Geçtiğimiz aylarda OSB'den çıkan atıklar yine Hamzafakıllı, Topçalı ve Bölücek köylerinin içinden geçen dereye bırakıldı ve bu durum dere içindeki balıkların ölümüne neden oldu.
Bölge muhtarları ve çevre gönüllüleri bu çevre katliamına karşı defalarca tutanak tuttuklarını ve şikâyetlerde bulunduklarını, her seferinde Jandarma Çevre Timi ve Kocaeli Üniversitesi'nden gelen ekiplerce sudan numuneler alınarak analiz için götürüldüğünü,
ancak Çevre İl Müdürlüğü'nün bu atıkları hangi fabrikaların bıraktığını kamuoyuna açıklamadığını ileri sürdü.
Haber: Seyfi BOYRAZ
Ereğlili çevre aktivisti Çeti Yılmaz, gerekli incelemeler yapılmasına rağmen herhangi bir açıklama yapılmaması tepki gösterek;
"Bu bölge, Ereğli'nin sebze ihtiyacını karşılayan önemli tarım arazilerini barındırıyor. Galvaniz ve Alüminyum fabrikalarından çıkan atıklar doğrudan dereye akıtılarak toprağımızı ve suyumuzu zehirliyor.
Çevre İl Müdürlüğü'nün sadece para cezası uygulaması, bu soruna caydırıcı bir çözüm getiremiyor.
Halk sağlığı, toprağımız ve suyumuz, hiçbir fabrikanın çıkarlarından daha az değerli değildir. Kirletilen derler. Gülüç nehri ile birleşerek karadeniz dede ciddi kirliliğe neden oluyor.
Ereğli Belediyesi sınırları içinde kalan bu bölgede, yerel yönetimlerin yetkilerini kullanmaması da sorunu derinleştiriyor.
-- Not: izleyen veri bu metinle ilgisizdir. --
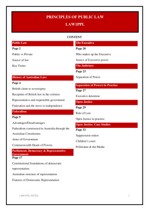 Full notes for LAW1PPL, great for revision and for exam. CONTENT: Public Law: Public vs Private Source of law Key Terms History of Australian Law: British claim to sovereignty Reception of British law in the colonies Representative and responsible government Federation and the move to independence Federalism: Advantages/Disadvantages Federalism constructed in Australia through the Australian Constitution Arms of Government Commonwealth Heads of Powers Parliament, Democracy & Representative Government: Constitutional foundations of democratic representation Australian structure of representation Features of Democratic Representation The Executive: Who makes up the Executive Source of Executive power The Judiciary: Separation of Power Separation of Powers in Practice Page 27 Executive detention Open Justice: Rule of Law Open Justice in practice Open Justice - Case Studies: Suppression orders Children’s court Politicians & the Media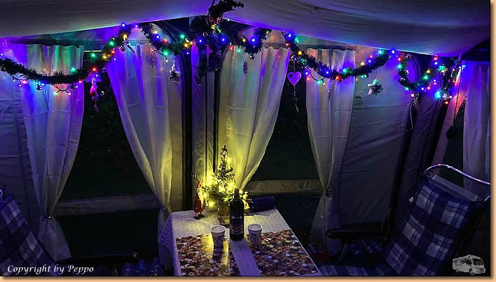 | Das Ergebnis der Hüttenschicht, unser Vorzelt erstrahlt im weihnachtlichen Glanze. Natürlich gibt's eine Lichterprobe, Glühwein und Lebkuchen dürfen dabei nicht fehlen. Morgen wird im Womo dekoriert, das Prozedere mit Glühwein wiederholt sich selbstverständlich. Morgen wollen wir radeln, schauen wir mal ob der Wettergott dazu sein Einverständnis gibt. |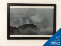 Quado emoldurado com moldura de madeira preta. Na imagem possui um vulcão de fundo e uma vegetação montanhosa e com arvores, em preto e branco.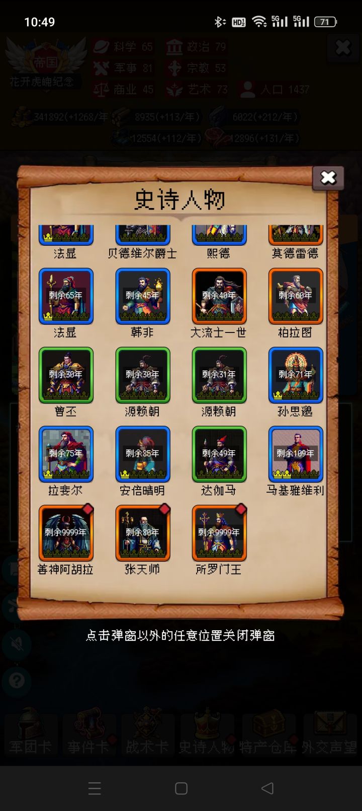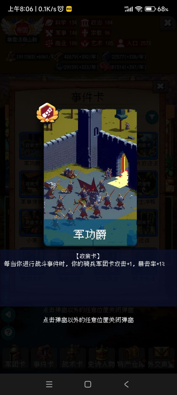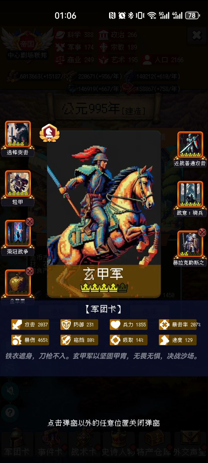 通关后的玩家应该都清楚了,游戏四百年之后基本就是重复刷事件了,一般来讲,这把都能玩到四百年了,那四百年后基本就是毫无意义的刷重复的事件继续叠buff了。所以官方目前真的有必要设定到999年才通关吗?或者有计划更新400年以后的事件内容吗?如图,本把靠橙卡历史人物开局刷了军功爵,以及后面拿了学院+骑兵暴击伤的政策卡,基本无敌了,200年之后都不用刷所罗门了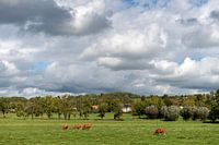 Burg-sur-Moselle France Pastoral scene in the northern French countryside. Cows graze below puffy cumulus clouds.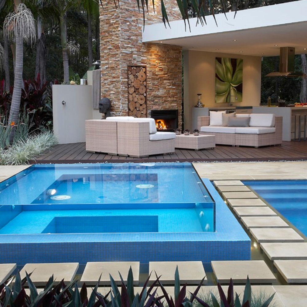 Others create the feeling of a resort, like lagoons or rock pools. Small homes enjoy plunge pools, while urban rooftops shine with glass walls.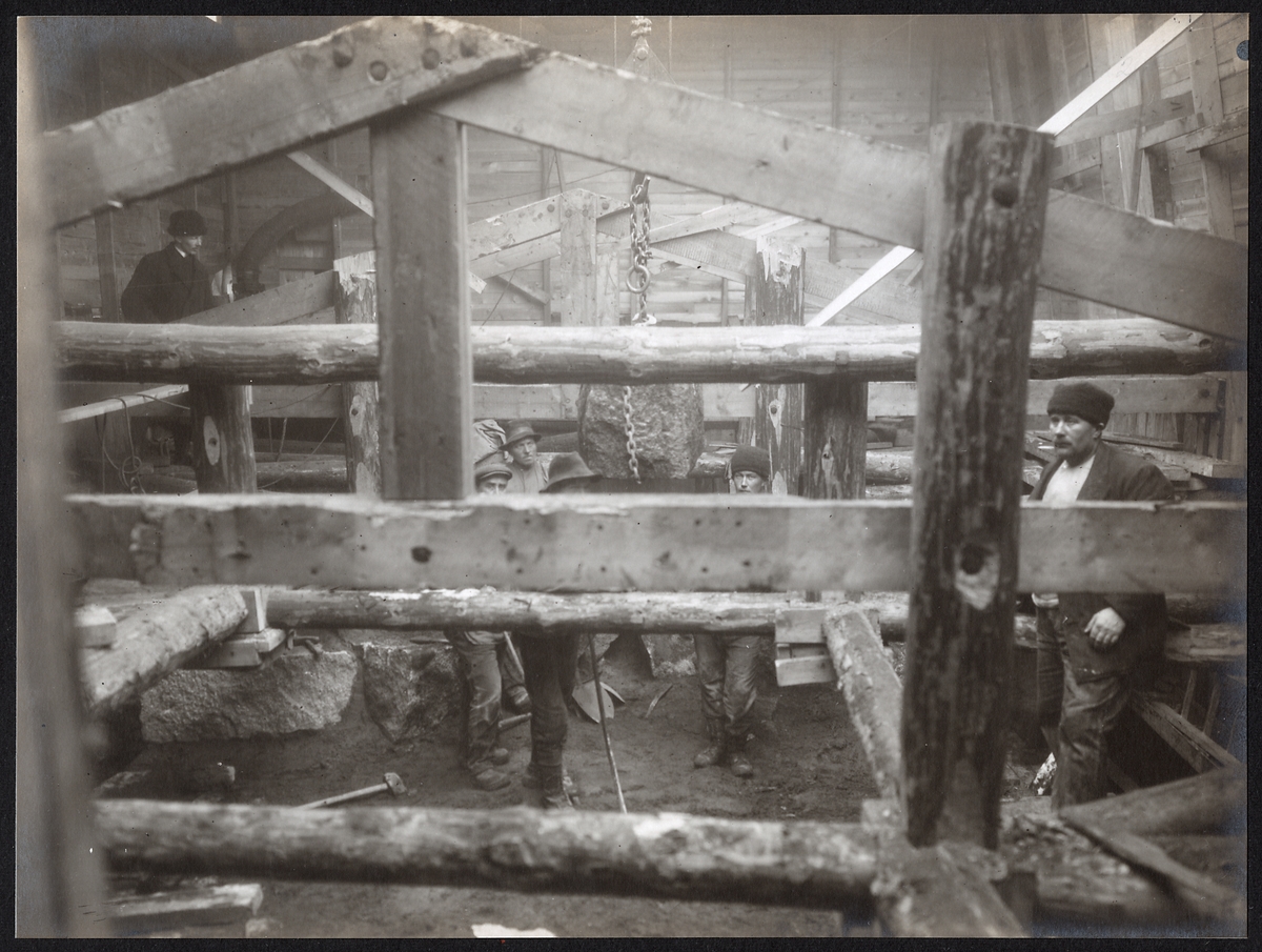 Titel: Dalälven vid Mora. Arbetslag i arbete med bropelare nr 2.

Zehirli atıklarla toprağımızı, suyumuzu ve yediğimiz gıdaları kirleten bu duruma karşı halkın ortak tepki göstermesi gerekiyor.
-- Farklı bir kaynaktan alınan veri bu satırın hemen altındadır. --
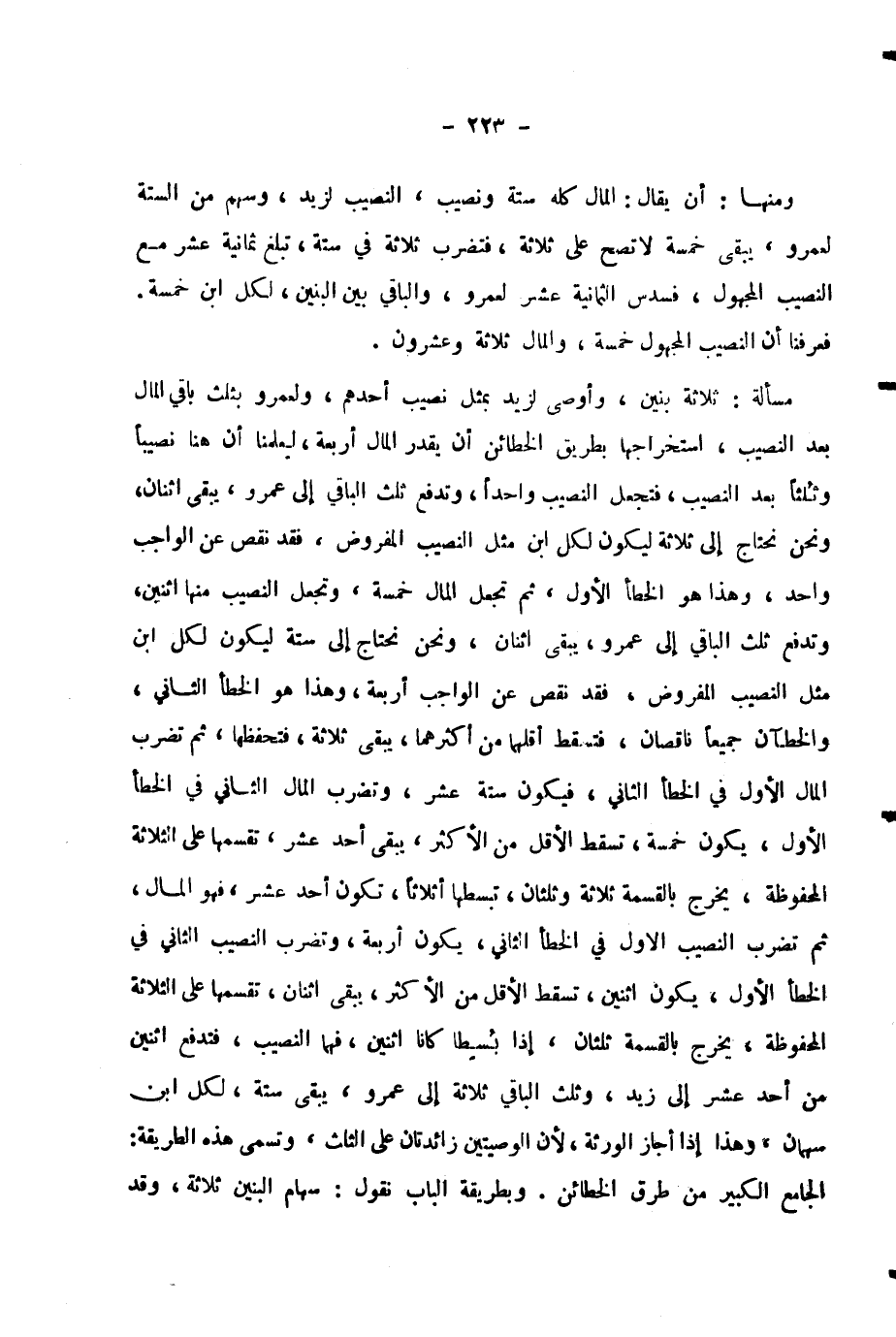 مَسْأَلَةٌ: ثَلَاثَةُ بَنِينَ، وَأَوْصَى لِزَيْدٍ بِمِثْلِ نَصِيبِ أَحَدِهِمْ، وَلِعَمْرٍو بِثُلُثِ بَاقِي الْمَالِ بَعْدَ النَّصِيبِ، اسْتِخْرَاجُهَا بِطْرِيقِ الْخَطَائِنِ أَنْ يُقَدَّرَ الْمَالُ أَرْبَعَةً، لِيُعْلِمَنَا أَنَّ هُنَا نَصِيبًا وَثُلُثًا بَعْدَ النَّصِيبِ، فَتَجْعَلَ النَّصِيبَ وَاحِدًا، وَتَدْفَعَ ثُلُثَ الْبَاقِي إِلَى عَمْرٍو، يَبْقَى اثْنَانِ، وَنَحْنُ نَحْتَاجُ إِلَى ثَلَاثَةٍ لِيَكُونَ لِكُلِّ ابْنٍ مِثْلُ النَّصِيبِ الْمَفْرُوضِ، فَقَدْ نَقَصَ عَنِ الْوَاجِبِ وَاحِدٌ، وَهَذَا هُوَ الْخَطَأُ الْأَوَّلُ.

Ereğli OSB ve bu kirliliğe neden olan fabrikalar, sorun çözülene kadar çevre gönüllülerinin ve yöre halkının gündeminde kalmaya devam edecek.Hukuk mücadelesi dahil Anaysadan doğan haklarımız dahil türlü meşru mücadele hakkımızı sonuna kadar kullanacağız. Kamuoyuna duyurulur" dedi.